Tuesday, September 16, 2025

Fearing Death

 
“You don’t have a soul. You are a soul. You have a body.” 
(unknown, but definitely not C. S. Lewis) 
 
When I was a little girl I saw a glossy magazine with pictures of King Tutankhamen's treasure.  And there were pictures of mummies.  I wasn't really horrified until I was at church and we got to the bit about "the resurrection of the body and life everlasting."  The Church was backing the zombie apocalypse?  Eewwww.

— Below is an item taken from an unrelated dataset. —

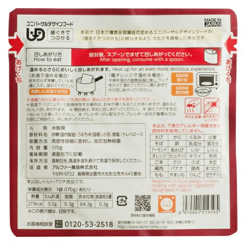 Ready-to-eat sweet red bean soup with rice balls (ohagi), made with 100% domestic rice and Hokkaido adzuki beans. No water or cooking required. Mildly sweet and easy to eat, with a gum-friendly texture certified as Universal Design Food. Long shelf life of up to 7 years, allergen-free, and perfect for emergency kits, travel, or convenient snacking.

Our species has always been obsessed with achieving immortality -- perhaps because we can not accept our own impermanence.  The massive tombs of antiquity, filled with unimaginable wealth, often to the bankruptcy of the kingdom were meant to be passports to immortality.  The fact that most of the tombs have been looted puts  meaning into "you can't take it with you."  
 
We all know death is inevitable, but how many of us truly accept that and understand it?  The greatest gift any faith can give is lessening the fear of death.  Sadly Christianity in particular has focused on scaring the bejesus out of adherents with threats of eternal damnation if they dare have a thought that does not comport with the accepted church view.  Rather than stressing how how to be a good person worthy of Heaven, they have instead stressed that every little mistake and socially condemned sin leads us to the fires.  Christianity never gave me a sense of peace.
 
It was Buddhism that took away my fear of death.  I am actually looking forward to it, but am in no rush, of course.  I don't believe in either eternal reward or eternal suffering.  All the suffering I have every known of was here on Earth in this reality.  Every evil deed ever done was done here.  Because of my childhood in a haunted house, I never questioned that there was something outside of our reality.
 
Losing one's fear of death is truly liberating.  I do not mourn anyone's passing these days, but I do miss them.  It is no longer a crushing sense of loss, but a more bewildered wondering when will I see them again.  I look at my lover, my child, my family, my friends, my cats and know that there is a separation in the future so I appreciate them more while they are here.  
 
The fear of death is the attachment to life.  Buddhism centers on the ideal of non-attachment to everything because all of it is impermanent.  It doesn't mean I don't love, don't feel, don't care.  It just means that when the time comes to say goodbye to someone or something, I make my peace with it and move on.